Okay, and how to implement them. So these things are important which like a simple AI cannot do it. So these are like one of the vital things which is important. Uh this all comes in the system design and developing a scalable application. These all things we'll be covering in this Java model. Okay. As we move forward like we'll be seeing like uh once you like develop something in your system how it is deployed how it goes to production all the things what I mean by production is something which is running a local no one can access it but we'll be deploying it somewhere we'll be using some free servers known as render we'll be creating a docker image and we'll be like uh like deploying our springboard browser in docker so that anyone can access it so that you can share it with your friends your families or in your college and you can like show them like you have developed something okay like this is how uh production ready applications are are like actually working. Okay. And yeah, as I told I'll be using some uh like cloud servers. We can use some available one like AWS all but I'll be teaching you with some uh resources which are like less cost and will be like uh beneficial for our project. Okay. So also like we'll like uh what else I also told you like how like different front end interfaces can connect with the spring boot thing. This will be learning. Okay. So like by the end of this journey like you won't just know like how to code. Okay. You will know like how to build okay test something debug and deploy. So we'll be understanding at production level. We won't be like uh understanding something at like what uh just like AI coding.
It's like not like blind coding. Okay.
To develop anything or improve anything.
We have to know like how things are working. Then you will love the process.
Okay. So yeah this is what the Java uh spring boot thing like journey will be.
So that's it from my side guys.
All right, great. Thank you so much for such a great explanation. So as uh as we gone through uh as our trainer as to like in real life Java to powers over to enterprise systems or uh you can also call it as backing app uh banking applications or mobile apps or large scale backend service actually. Okay. So by this it do ensures the reliability okay and the crossplatform compatibility and the strong uh security for the business critical solutions. So that's all. So because of its uh stability widespread uh adoption Javadu remains the backbone of many uh modern digital systems. So by this we are moving forward with the next domain uh that is data science and machine learning. Hope the train is on the call.
Yes.
So, all right.
>> Hello everyone. Uh I'm incredibly excited to welcome uh you guys to the blueprint program that we are having and like we can take a hard look at the contemporary technology sector right now because it is categorized by incredible abundance of opportunity as well. But that particular opportunity is like uh having some problem with a severe deficit in job rate talent.

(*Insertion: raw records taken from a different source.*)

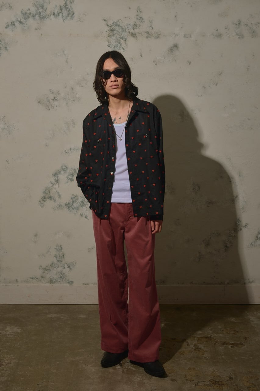ポップなハート柄を男臭さのあるワークシャツスタイルに落とし込み作成。
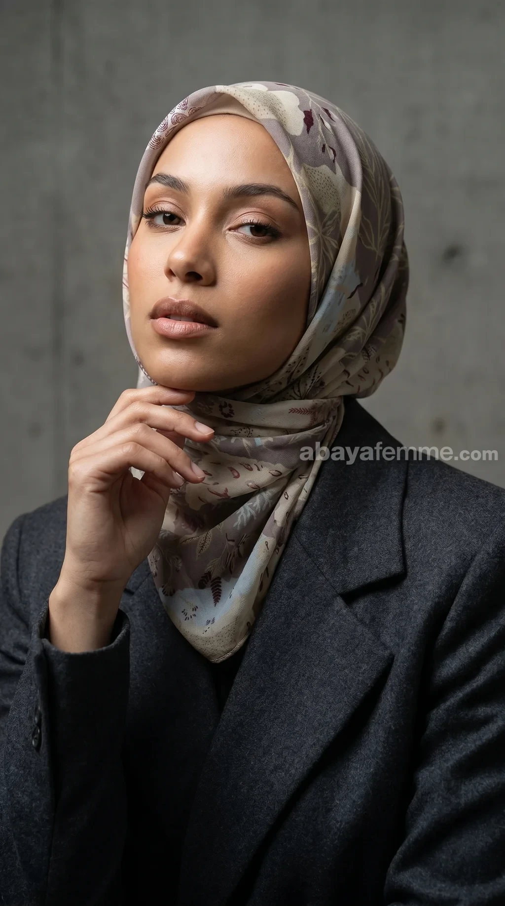 Nouez délicatement les extrémités sur le côté ou à l’arrière du cou. Une méthode parfaite pour mettre en valeur le col d’une abaya ou d’une chemise structurée.
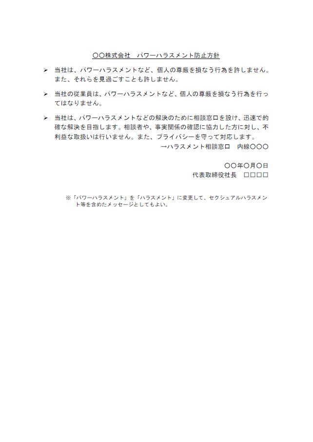 ○○株式会社 パワーハラスメント防止方針(トップからのメッセージ)

Right? So we need to think about what the number actually matters because it means the majority of people holding just a degree are not fundamentally equipped to step into the modern engineering role. So that particular statistics highlights a like critical disconnect between the orthodox curriculum and the rigorous demands of the global technology industry that we do have. So why there is such a massive gap like let's be very clear about this because the academic institutions do certain things very well but they do successfully impart the theoretical mathematics and basic Python scripting. So we will just have a basic knowledge like how for like for example how for loop works and we might just know the theoretical formula for the linear regression but however uh the universities fail to cultivate the system level thinking that means the applied data engineering and production grade model deployment skills that the product based multinational corporations actually require. So at its core, the traditional education system has historically prioritized the isolated Jupyter notebook exercises over end toend machine learning operations that is known as MLOps and scalable architecture. So basically this is known as the Jupyter notebook problem. In university we must have handled a perfectly clean static CSV file. So we just need to load it up and we call a standard function and we get high accuracy and we pass. But the modern MNC demands professionals who can do more far than achieving high accuracy on the clean academic data sets. As we know the real world is messy. So the data is missing and the system crash and the models degrade as well.

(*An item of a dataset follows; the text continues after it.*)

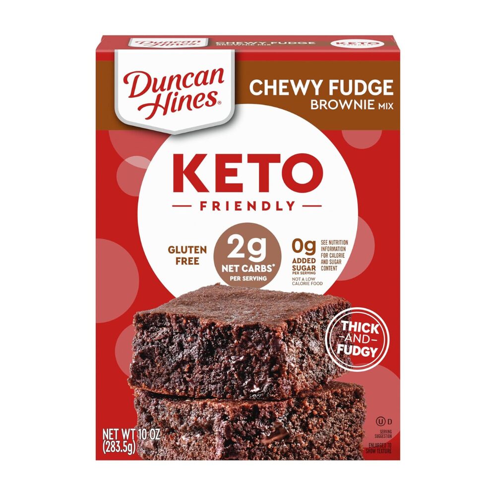 - Contains one 10-ounce box of Duncan Hines Keto Friendly Chewy Fudge Brownie Mix

And as we already know that the industry is no longer looking for one-dimensional modelers. So they do uh require the full stack data scientists. So what does that means? It means that they need the professionals who are entirely autonomous. So they will need you to extract your own data via SQL. wrangle those messy unstructured data set using pandas and train robust models and finally deploy them into the production using docker and past api. So the data scientist who cannot write SQL is completely reliant on data engineers for every single task. So we are here to make you autonomous.

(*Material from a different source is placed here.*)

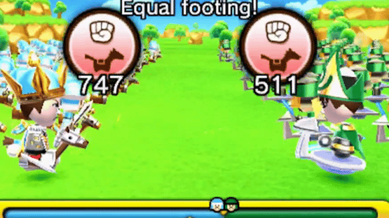 Warrior's Way is a battle simulation game developed by Spike Chunsoft. Players assume the role of a general on a quest to conquer the world one country at a time. Players amass armies either by encountering other players on StreetPass or using Play Coins to recruit mercenaries, before taking on the leaders of each country. Battles follow a rock, paper, scissors mechanic, in which players assign soldiers to three classes, with each have strengths and weaknesses against the other classes, and pit them against the opponent, the first to win two matches winning the battle and earning a portion of their soldiers. Defeating certain leaders earns materials which can be used to upgrade the player's castle, granting new options. Players encountered on StreetPass will be monarchs if they have StreetPass Battle. The player may choose to greet the monarch peacefully or challenge them to a battle in order to earn more soldiers.

So to achieve this so we have engineered a successful and high intensity program that is strictly focused on the data science and machine learning domain. So month one will consist of intensive sessions that are designed to completely dismantle the tutorial bound mindset. So we are going to reun uh reconstruct our approach to the data from the ground up by introducing the rigorous data cleaning relational databases and applied statistics and the foundational algorithms of supervised and unsupervised machine learning. Then we will deep down like we'll dive deep into the Python data structures that is like focused heavily on the vectorzed operations with numpy because standard loops are simply too low for the massive enterprise data sets. So we will cover the advanced SQL along with the EDA that is exploratory data analysis and we will learn why the data preparation consumes 80% of a data scientist's time and how mastering pandas directly accelerates the time to time insight for the entire analytics team. Then month two will consist of deep learning and MLOps. So once that the foundation is like solid. So month two will elevate us to the sophisticated architectural paragraphs across the sessions. So this is where we'll transition you from a standard data scientist to a machine learning engineer. So we will explore deep learning architectures for unstructured data. We will learn about artificial neural networks, computer vision using conventional neural networks that is CNNS and NLP that is natural language processing to analyze the sequence models. So we'll also tackle the generative AI paraging into transformers and large language models. So where we'll build practical rag that is retrieval augmentated generation. So that is using the systems system using the vector database.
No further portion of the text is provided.